Electronic structure and stability of hydrogen defects in diamond and boron doped diamond: A density functional theory study
Ashutosh Upadhyay, Akhilesh Kumar Singh, Amit Kumar

TL;DR
This study uses density functional theory to analyze the electronic structure and stability of hydrogen defects in pure and boron-doped diamond, revealing preferred defect sites and complex formations.
Contribution
It provides new insights into hydrogen defect configurations and stability in diamond and boron-doped diamond using advanced computational methods.
Findings
Hydrogen is stable at bond center sites in pure diamond.

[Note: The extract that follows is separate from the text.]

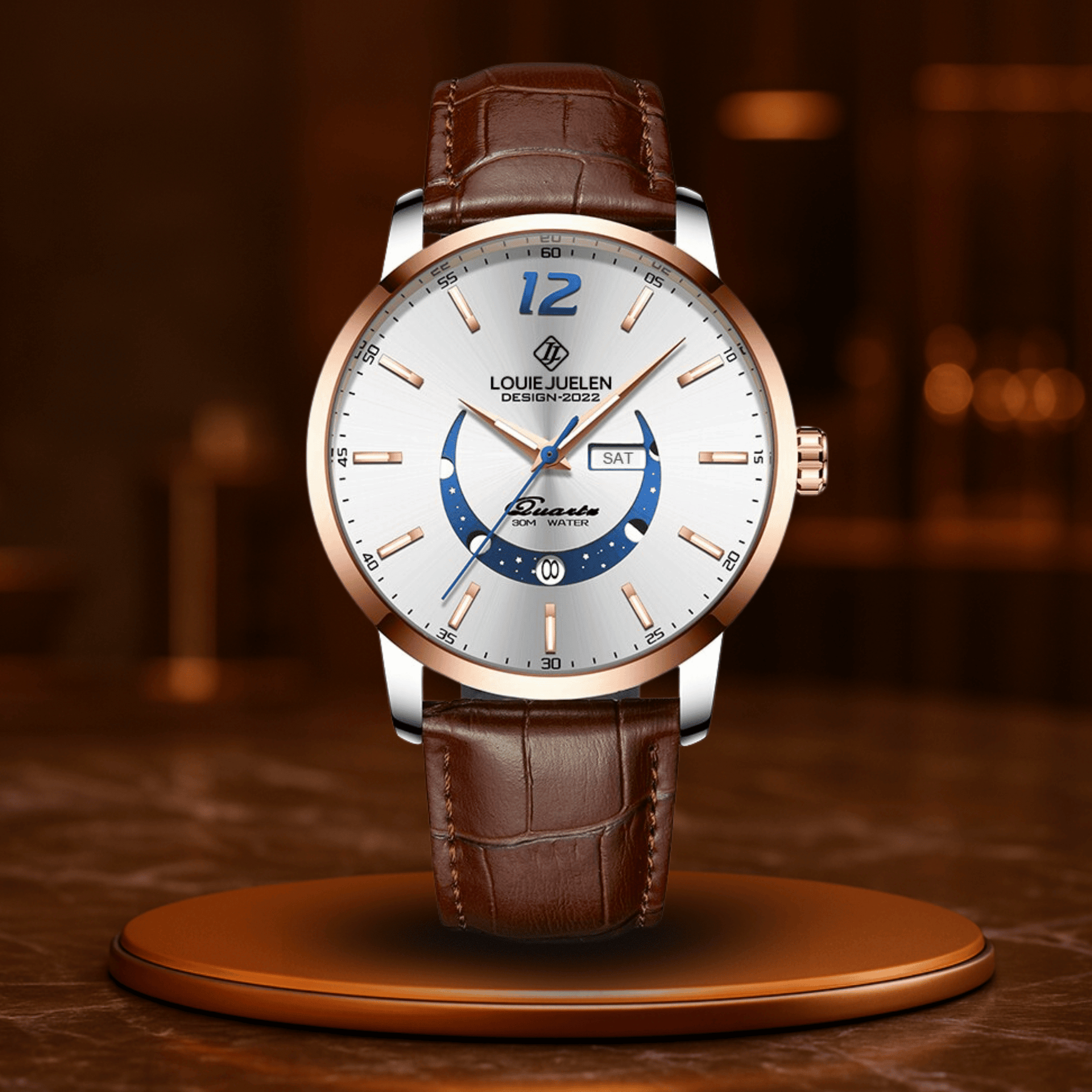 The Lunaris Agenda is not an ordinary timepiece – it is a tool for men who orient themselves not just on minutes, but on moments with meaning. The moon phase indicator connects the passage of time with a glance at the sky – an elegant reminder that not every day is the same.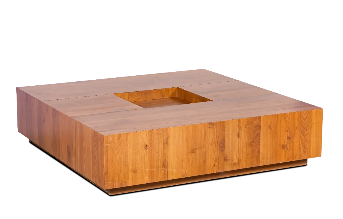 Mesa de centro quadrada em madeira com detalhe rebaixado no tampo.

Hydrogen pairs form stable H2 defects at specific sites in pure diamond.
Boron doping influences hydrogen defect stability and site preference.
Abstract
Isolated hydrogen and hydrogen pairs in bulk diamond matrix have been studied using density functional theory calculations. The electronic structure and stability of isolated and paired hydrogen defects are investigated at different possible lattice sites in pure diamond and boron doped diamond. Calculations revealed that isolated hydrogen defect is stable at bond center sites for pure diamond and bond center puckered site for boron doped diamond. In case of hydrogen pairs, H2 defect (one hydrogen at bond center and second at anti-bonding site) is stable for pure diamond, while for boron doped diamond B-H2BC complex (one H atom at the B-C bond centered puckered position and the other one at the puckered position of one of the C-C bond first neighbor of the B atom) is most stable. Multiple hydrogen trapping sites in boron doped diamond has also been studied. Calculated results are…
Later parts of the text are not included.